Tuesday, March 8, 2011

MacMonnies 'Civic Virtue' To Be Taken In by Green-Wood?

Our friend Frederick MacMonnies is back in the news. Though he is long dead, the artist's 1922 sculpture "Civic Virtue" just keeps making headlines. The piece, which depicts an enormous male figure standing over prostrate female figures, was intended for the fountain in City Hall, but was exiled to Queens. There were complaints as to how women were portrayed — trampled under foot as the symbols of vice and corruption.

Renewed calls that the statue has no place in the city's civic space prompted Green-Wood Cemetery to speak up on its behalf. They have expressed interest in taking the sculpture and restoring it.

"We could not stand by idle and see a major work by one of America's greatest sculptors be allowed to turn to dust," Green-Wood President Richard Moylan told the Daily News.

Maybe the move will help New Yorkers bury the hatchet once and for all. Several of MacMonnies' family members are interred at Green-Wood, which would make it a suitable home for the piece. It would be quite an addition to the cemetery's already exceptional sculpture collection.


2 comments:

Paul Mc said...

I'm glad to see that "Uncle Fred" is still causing trouble from beyond the grave :)

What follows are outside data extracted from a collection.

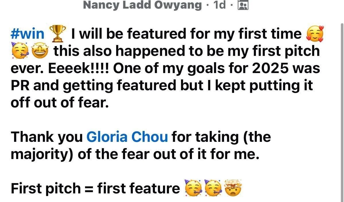 If you just respond to one PR opportunity I post daily, and meet one top-tier journalist I invite to our calls- who loves covering small businesses like yours, it won’t be surprising how quick you can get your first win! -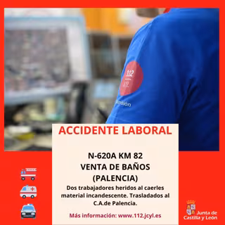 Los hechos han ocurrido alrededor de las 23.38 horas del domingo, 11 de mayo, cuando se informó de un accidente en una empresa de materiales de construcción situada en el kilómetro 82 de la N-620 en Venta de Baños donde dos personas habían resultado heridas al saltarles material incandescente cuando realizaban labores de limpieza en una torre.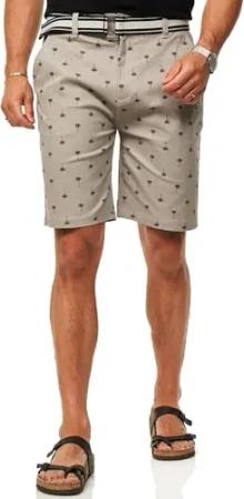 Herren Kurze Hose Chinoshorts mit Palmenmuster incl. Canvas-Gürtel - Bermuda Sommershorts für Männer - Elastisch im Regular-Fit S2_Toy STORY-Taupe-W34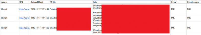 Cześć, przychodzę z kolejnym updatem. Ten tydzień to był głównie tydzień dopracowywania formularza zapisu do newslettera (poniedziałek-środa: logika, wygląd, treść) oraz kanałów social media jako "naganiaczy" do zapisów na newsletter (czwartek-piątek: TikTok, Instagram, YouTube - tylko materiały video). Wczoraj ukończyłem wersję MVP mojego planera w tych Social Mediach. Materiały do sociali generuje w Invideo AI (https://invideo.io/). Co do tego serwisu powiem szczerze, że mam mieszane uczucia. Dlaczeo? - Zalety: na darmowym planie generuje całkiem spoko filmiki na podstawie prompta. Filmiki generuję 10-15 sekundowe - Wady: zupełnie nie ogarniam ich darmowego planu - niby piszą że na darmowym planie mogę wygenerować 10 minut filmów tygodniowo (https://help.invideo.io/en/articles/9380226-can-i-use-invideo-ai-for-free) natomiast po wygenerowaniu filmu i chęci wygenerowania kolejnego, dostaję komunikat że skończyły mi się kredyty i muszę zakupić wersję premium. Chore. Albo ja coś robię źle (czego też nie wykluczam). Na szczęście jak kiedyś bawiłem się w Ero, mam do dyspozycji 6549432138813 kont na gmailu, więc będę się logować z każdego konta osobno w celu generowania nowego video Co do planera postów w socialach - działa całkiem spoko. Zrobiłem go za pomocą make.com (google drive + google sheets + buffer + Gemini) oraz Zapier, jednak wciąż jest tam trochę chaosu. Zdecydowałem jednak że czas na poprawki będzie później. Zasada działania w planerze jest następująca (w tej kolejności): - w danym katalogu na Google drive jest pobierana lista wszystkich plików video - generowane są linki publiczne do tych plików - linki zapisywane są do zmiennej w konfiguracji pozwalającej na pobranie plików - sprawdzane jest czy dany plik znajduje się już na liście w planerze - jeżeli nie, wówczas: - Gemini za pomoca wbudowanego prompta wybiera mi treść do posta w Social Mediach - Gemini, na podstawie wyżej wygenerowanego opisu, buduje mi tytuł pod filmik na YouTube - całość jest wpisywana do planera w Google Sheets Wygląd logiki w make.com dla tego planera: Wygląd planera: Następnie "odpala" się Zapier, który odpala się wtedy, gdy w Google Sheets znajduje się nowy wiersz. Wówczas dane z tego wiersza ładuje do Buffera (odpowiedzialny za planowanie postów w Socialach) i tam wrzuca posty do kolejki. Jako datę publikacji wybrałem od momentu pojawienia się pliku + 1 dzień. Niestety z datą jest pewien "rozpierdziel" gdyż jeżeli załóżmy wrzuciłem dziś filmik o godzinie 10:00 to potrafi mi go zaplanować kolejnego dnia o godzinie 04:00. Próbowałem dopisywać korekty strefy czasowej, manewrować godzinami ale nic to nie dało. Ale doszedłem do wniosku że teraz to jest mało ważne, kosmetyką zajmę się kiedy indziej. Także tak na razie wygląda mój planer postów. Fajne w nim jest to, że po prostu wrzucam filmik do katalogu na Google Drive i "nic więcej mnie nie interesuje, reszta dzieje się sama" ale jednak widzę też że będę musiał jeszcze przed publikacją postów dodać mechanizm weryfikacji zanim post "pójdzie w świat" bo Gemini lubi dorzucać coś od siebie i jest to "niebezpieczne" gdy wpadnie jakaś głupota i zostanie ona opublikowana. Moje spostrzeżenia odnośnie tych 3-ech social mediów (TikTok, Instagram, YouTube): 1. TikTok: - "szalona" liczba wyświetleń. Nie wiem jak działa ich algorytm, ale jak na posty które znalazły się dosłownie kilka godzin temu a konto jest stosunkowo nowe, ilość wyświetleń to 91/256/376 (3 filmiki) oraz 1 polubienie. - nie wiem jak to w przyszłości będzie się miało do konwersji (przez konwersję rozumiem zapis na newsletter) 2. Instagram: - wyświetlenia: 0/0/2 3. YouTube: - jako że są to filmiki z rozdzielczością 16x8, są one wrzucane jako YouTube Shorts. Wyświetlenia: 58/12/177 w tym 1 subskrypcja i 1 lajk - co ciekawe, filmik z największą ilością wyświetleń to filmik który zebrał lajka i prawdopodobnie z niego wpadła subskrypcja, w mojej ocenie jest najbardziej "beznadziejnym" filmikiem spośród tych 3-ech. Nie mam pojęcia dlaczego właśnie z niego wpadł taki "wynik" Moje odczucia - Instagram jest beznadziejny. Szansę widzę w TikToku oraz YouTube odnośnie klipów video. Odpalę jeszcze dodatkowo Twitter i może coś jeszcze. Jako że w temacie YouTube oraz TikTok jestem "zielony jak trawa", mam pytanie do bardziej wdrożonych w te platformy użytkowników tego forum a konkretnie odnośnie YouTube: - czy shortsy wpływają na ilość wyświetleń w warunkach przyjęcia kanału do monetyzacji czy tylko wpływ mają na to tradycyjne filmiki (16:8)? Na tą chwilę to tyle. Pozostaje mi dokończyć jeszcze w systemie wysyłki newslettera wygląd e-maili z podziękowaniami za zapis oraz automatyzację z treściami artykułów do newslettera wychodzącego raz w tygodniu i można odpalać newsletter. Chciałbym aby to już chulało od najbliższego poniedziałku, tj. od 20.10.2025 ale zobaczymy jak to będzie. Pozdrawiam!

If Queens want to get rid of it that much and are willing to pay for the shipping then I would love to have the statue in my back garden here in the UK!

Regards,
Paul McMonnies

brooklynbeforenow said...

So cool to hear from a relative! I have to tell you I'm a big fan of MacMonnies' work. I live near Grand Army Plaza in Brooklyn and his sculptures atop the Soldiers and Sailors Monument are daily inspiration.